What happens to Gevity clients and internal employees remains to be seen. From a Wall-street financial point of view, Trinet with General Atlantic Partners is buying Gevity and Gevity will cease to be a public company. Many PEO industry experts have lamented the disadvantages of being a public company in the PEO industry. SEC filings and Sarbanes Oxley have required public companies to expose weaknesses that non-public competitors have used for competitive advantage in the PEO marketplace. In addition, websites like the Yahoo finance message board (tracking only public companies) became hotbed of rumor and misinformation that was sometimes used by competitors to torpedo Gevity when competing for an account. This has sometimes been a disadvantage for Gevity and as a private company, they will remove this exposure.
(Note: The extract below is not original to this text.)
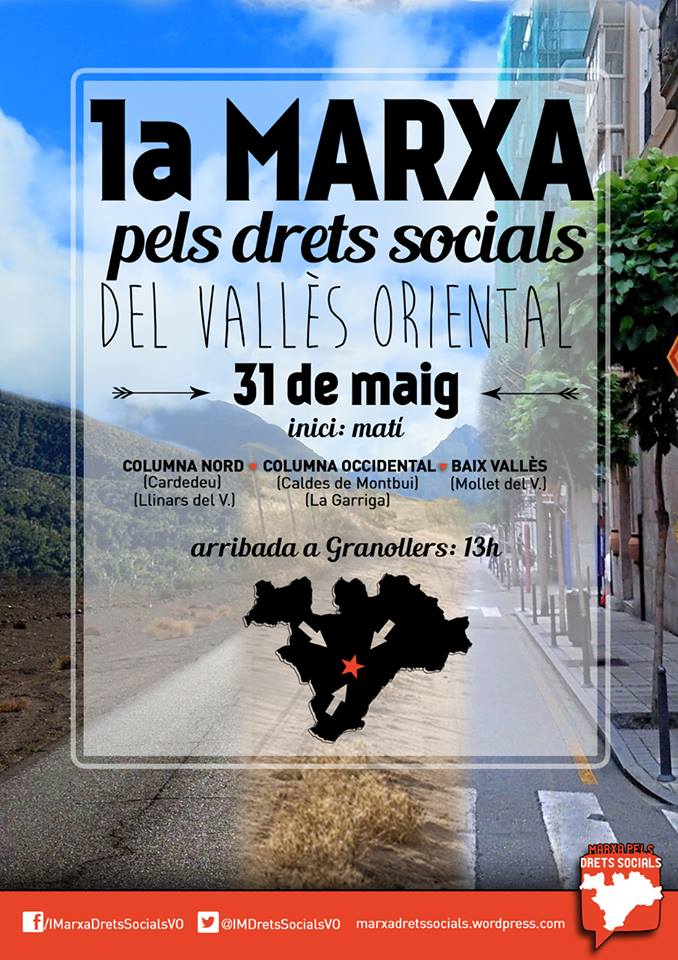 El proper 31 de maig es durà a terme la I marxa pels drets socials del vallès oriental. Una marxa organitzada per diferents col·lectius del Vallès Orientals per protestar i exigir:    - Fer marxa enrere en totes les retallades en educació, sanitat, pensions, dependència, prestacions d’atur o per situació de vulnerabilitat, etc. - Rebutgem rotundament la ...

Trinet and Gevity - Turf and Target Markets Overlap and Distinctions

Trinet has traditionally pursued accounts that are high wage, high tech and located primarily in California and New England. Gevity has traditionally focused on blue and gray collar accounts in Florida, the Southeast and Texas. Gevity has been trying to grow in California so the Trinet merger is a minor market overlap there. The Gevity brand may remain viable and may continue to be marketed to moderate work comp risk accounts in the Southeast and Texas.

HRMS and Payroll Processing

Although Trinet has a highly regarded IT – services platform using the Oracle owned PeopleSoft products, Gevity also has a strong IT infrastructure with Oracle HRMS platform. In addition Gevity has the IT infrastructure and processing horsepower to run payrolls for 3 times the number of employees currently being serviced on the Trinet PeopleSoft system. TriNet has indicated on their website that the merger would provide a redundant cross- country platform to help offset disaster recovery, earthquakes in California (Trinet in the SF bay Area) and Gevity with hurricanes in Florida. Both companies are considered leaders in the use of technology for their PEO service platforms.

In our opinion, the Gevity Acquisition was a practical way for General Atlantic Partners to increase their stake in the PEO industry and have the resulting entity as a private company. In addition, they got Gevity at a good price. Whether General Atlantic Partners retains Gevity as a separate marketing and financial entity to be later sold remains to be seen.